Supplied information
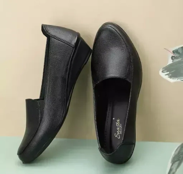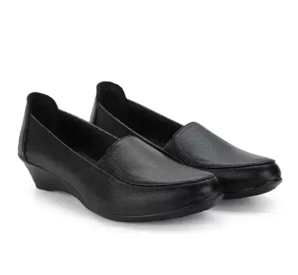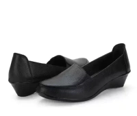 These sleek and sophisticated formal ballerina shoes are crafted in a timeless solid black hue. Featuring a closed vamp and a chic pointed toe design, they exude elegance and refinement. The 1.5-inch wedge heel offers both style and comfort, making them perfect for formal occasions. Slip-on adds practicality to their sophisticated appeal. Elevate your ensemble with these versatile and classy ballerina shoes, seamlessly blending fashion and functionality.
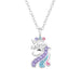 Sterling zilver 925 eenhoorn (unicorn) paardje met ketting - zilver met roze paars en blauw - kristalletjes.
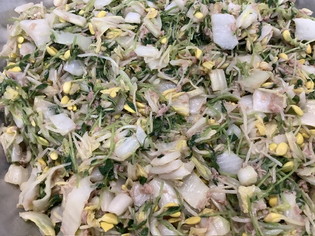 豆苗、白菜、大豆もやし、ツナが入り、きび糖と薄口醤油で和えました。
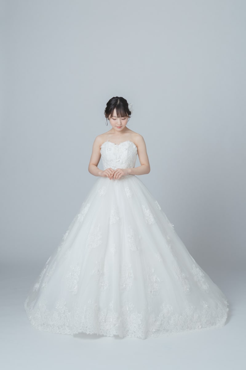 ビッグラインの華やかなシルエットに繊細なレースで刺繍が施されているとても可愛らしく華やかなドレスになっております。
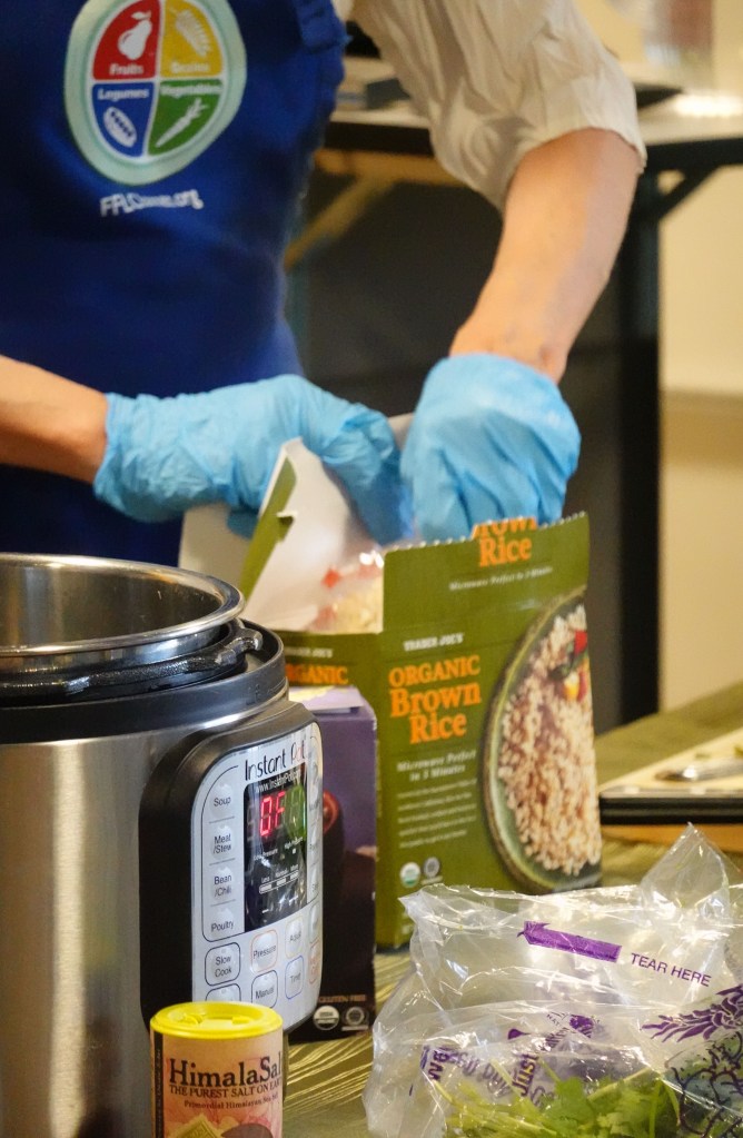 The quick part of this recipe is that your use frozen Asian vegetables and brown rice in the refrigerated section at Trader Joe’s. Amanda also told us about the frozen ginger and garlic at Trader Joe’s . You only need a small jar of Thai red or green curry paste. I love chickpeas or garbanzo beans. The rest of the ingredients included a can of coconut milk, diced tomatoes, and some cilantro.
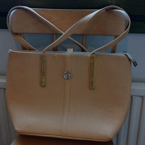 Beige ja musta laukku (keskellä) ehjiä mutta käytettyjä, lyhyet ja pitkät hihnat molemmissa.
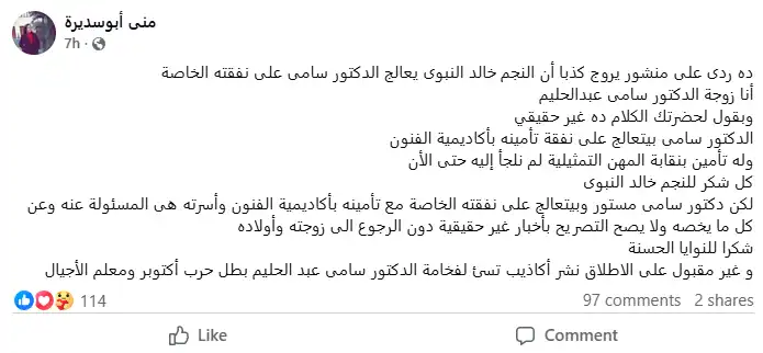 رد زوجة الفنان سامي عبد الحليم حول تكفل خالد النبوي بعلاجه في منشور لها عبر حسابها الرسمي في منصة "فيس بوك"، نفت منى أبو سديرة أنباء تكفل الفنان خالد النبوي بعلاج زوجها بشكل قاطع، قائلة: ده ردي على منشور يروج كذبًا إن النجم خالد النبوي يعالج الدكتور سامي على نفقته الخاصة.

Exercise brief
Go down the entries above from the line containing "The quick part" to the line containing "Beige ja musta" and write out each line exactly, leaving pictures out.

Answer section
 The quick part of this recipe is that your use frozen Asian vegetables and brown rice in the refrigerated section at Trader Joe’s. Amanda also told us about the frozen ginger and garlic at Trader Joe’s . You only need a small jar of Thai red or green curry paste. I love chickpeas or garbanzo beans. The rest of the ingredients included a can of coconut milk, diced tomatoes, and some cilantro.
 Beige ja musta laukku (keskellä) ehjiä mutta käytettyjä, lyhyet ja pitkät hihnat molemmissa.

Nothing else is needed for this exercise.